:: Assigned task ::
Once you have located the line containing "My ex-husband and" in the material below, return it exactly along with each line after it through the line containing "Każdy balon posiada".
***** The data
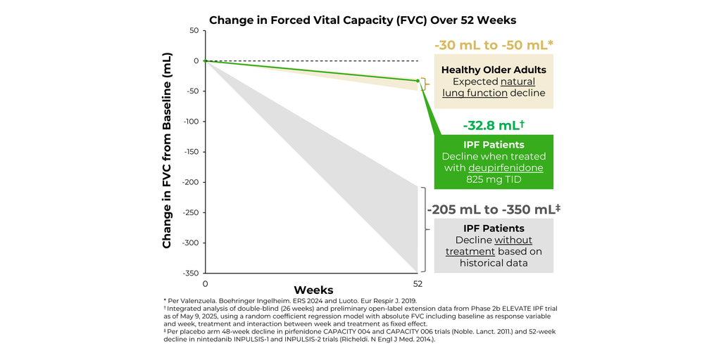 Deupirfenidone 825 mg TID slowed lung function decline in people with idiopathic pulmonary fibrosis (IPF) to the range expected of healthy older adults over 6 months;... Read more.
**********
***** The data
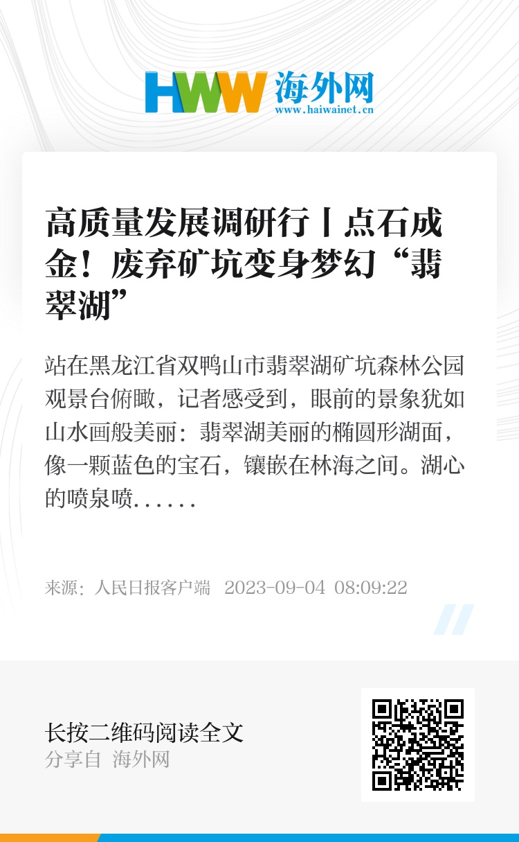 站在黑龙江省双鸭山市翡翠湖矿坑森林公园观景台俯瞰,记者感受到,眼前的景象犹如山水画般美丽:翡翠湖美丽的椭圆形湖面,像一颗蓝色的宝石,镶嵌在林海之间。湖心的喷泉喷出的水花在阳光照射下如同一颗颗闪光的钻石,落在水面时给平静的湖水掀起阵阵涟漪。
**********
***** The data
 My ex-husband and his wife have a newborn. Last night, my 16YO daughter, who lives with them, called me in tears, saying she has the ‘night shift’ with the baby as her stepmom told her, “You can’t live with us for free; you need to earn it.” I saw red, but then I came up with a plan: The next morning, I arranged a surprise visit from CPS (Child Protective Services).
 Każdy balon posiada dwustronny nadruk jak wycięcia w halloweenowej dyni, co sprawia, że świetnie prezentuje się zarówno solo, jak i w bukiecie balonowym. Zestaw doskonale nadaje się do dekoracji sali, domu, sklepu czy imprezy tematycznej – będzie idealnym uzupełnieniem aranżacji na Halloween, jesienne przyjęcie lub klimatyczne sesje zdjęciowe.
**********
:: Worked solution ::
 My ex-husband and his wife have a newborn. Last night, my 16YO daughter, who lives with them, called me in tears, saying she has the ‘night shift’ with the baby as her stepmom told her, “You can’t live with us for free; you need to earn it.” I saw red, but then I came up with a plan: The next morning, I arranged a surprise visit from CPS (Child Protective Services).
 Każdy balon posiada dwustronny nadruk jak wycięcia w halloweenowej dyni, co sprawia, że świetnie prezentuje się zarówno solo, jak i w bukiecie balonowym. Zestaw doskonale nadaje się do dekoracji sali, domu, sklepu czy imprezy tematycznej – będzie idealnym uzupełnieniem aranżacji na Halloween, jesienne przyjęcie lub klimatyczne sesje zdjęciowe.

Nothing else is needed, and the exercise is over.